Pada foto diatas mata kita akan terfokus pada garis tengah yang membentang yang seakan garis itu tak terputus, karena secara kebetulan corak pada tubuh anjing tersebut seakan memberikan kita visual bahwa garis tengah tersebut tidak terputus. Padahal secara nyata kita tahu bahwa garis yang membentang tersebut sebenarnya terputus tertutup oleh tubuh anjing, tetapi otak kita melihat itu menjadi satu kesatuan garis yang tak terputus, atau berlanjut.
Common fate
Dalam prinsip Common Fate secara psikologis manusia cenderung melihat kelompok objek sebagai garis bergerak dalam lintasan halus, yang dianggap sebagai stimulus tunggal.
Mengenai common fate, seringkali praktisi melihatnya beririsan dengan prinsip continuity.
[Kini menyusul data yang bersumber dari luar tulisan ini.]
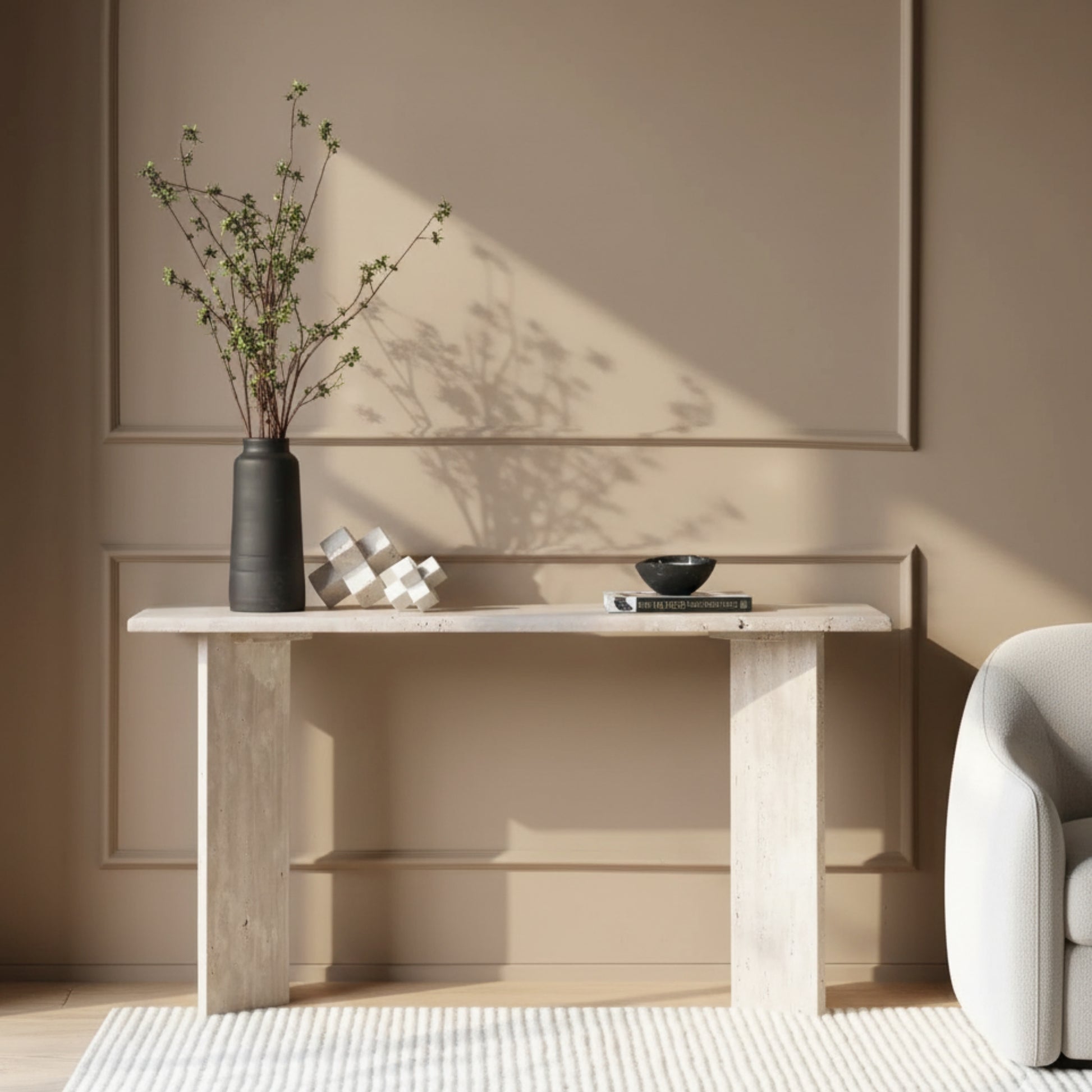 La Console en Travertin – Layan incarne une parfaite harmonie entre élégance et praticité.
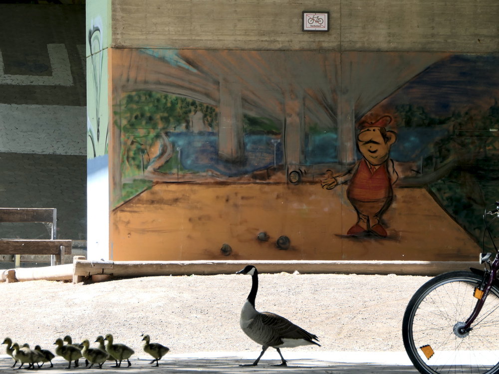 Hallo Rosa! Bei diesem Bild bin ich hängengeblieben. Das ist ja eine tolle Kombination. Die Gänsemutter mit ihren Kleinen, das Fahrrad dahinter und das Schildchen"Fahrrad fahren verboten". Ich finde das Bild ganz toll! Viele Grüße Heinz.

Pada foto diatas, kita melihat kumpulan burung yang terbang diatas langit seakan membentuk sebuah garis, yang berbentuk tanda tanya”?” atau angka”7″, kita melihat burung yang terbang tersebut menjadi satu kesatuan utuh dan berbentuk garis bergerak ke atas atau ke bawah yang seakan muncul atau keluar dari kepala orang yang ada di foto tersebut.
Closure
Prinsip closure menyatakan bahwa ketika kita melihat susunan elemen visual yang kompleks, kita cenderung mencari pola tunggal yang dapat dikenali.
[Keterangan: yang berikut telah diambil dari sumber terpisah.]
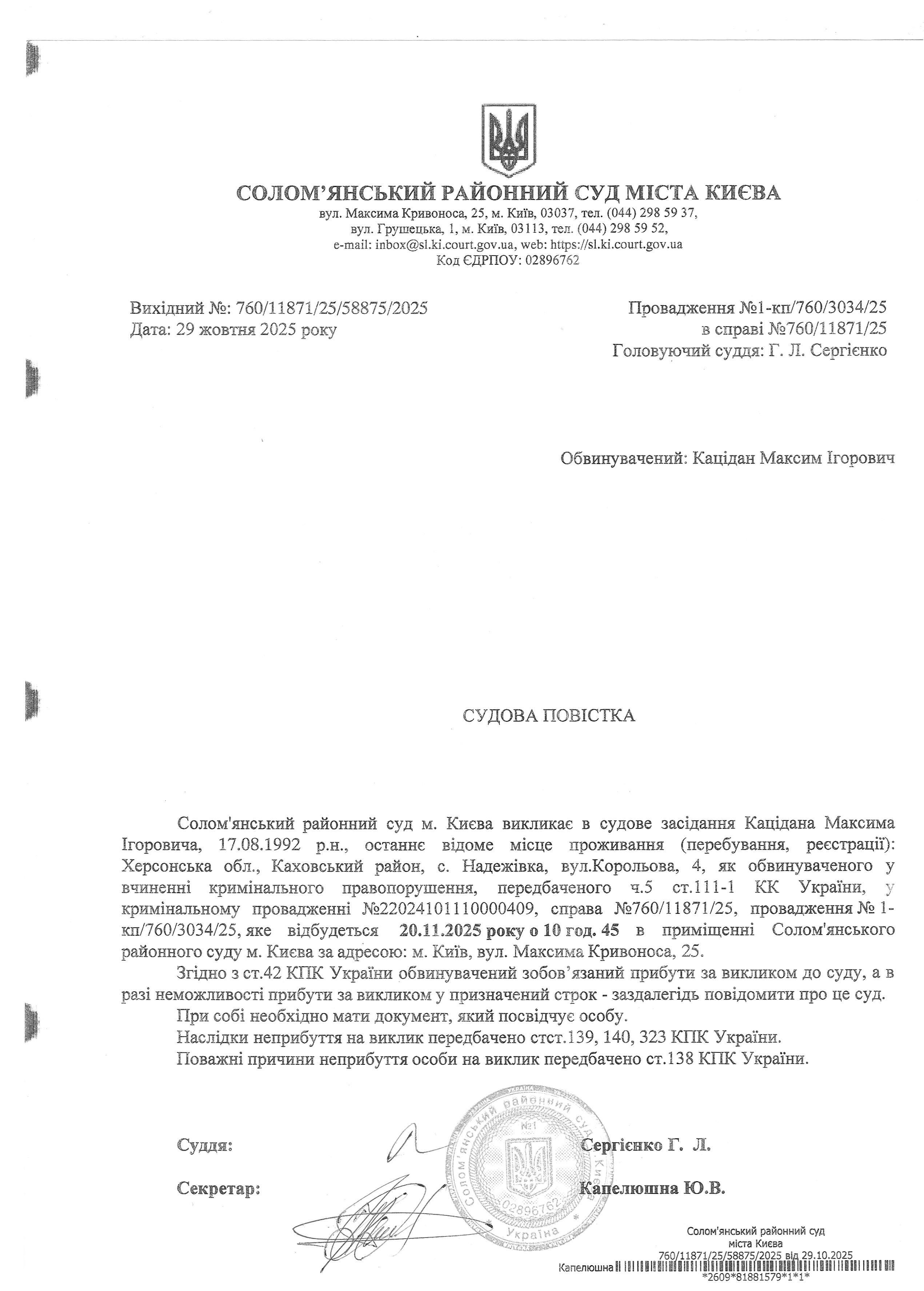 Оголошення про виклик до суду про справі 760/11871/25 Кацідан М.І.

Dengan kata lain, ketika Anda melihat gambar yang memiliki bagian yang hilang, otak Anda akan mengisi bagian yang kosong dan membuat gambar yang lengkap sehingga Anda masih bisa mengenali polanya.
Misalnya, ketika Anda melihat gambar di atas Anda kemungkinan besar melihat zebra meskipun gambar itu hanya kumpulan bentuk hitam. Pikiran Anda mengisi informasi yang hilang untuk menciptakan pola yang dapat dikenali berdasarkan pengalaman Anda.
Pada foto diatas kita akan melihat bagian putih diantara kedua tangan 4 orang tersebut berbentuk “x” atau mungkin berbentuk kelopak bunga tergantung dari pengalaman masing-masing. Bagian yang hilang kita lengkapi di dalam fikiran kita dan kita melihatnya menjadi bagian yang lengkap dan utuh yang kita kenali berdasarkan pengalaman visual yang kita miliki.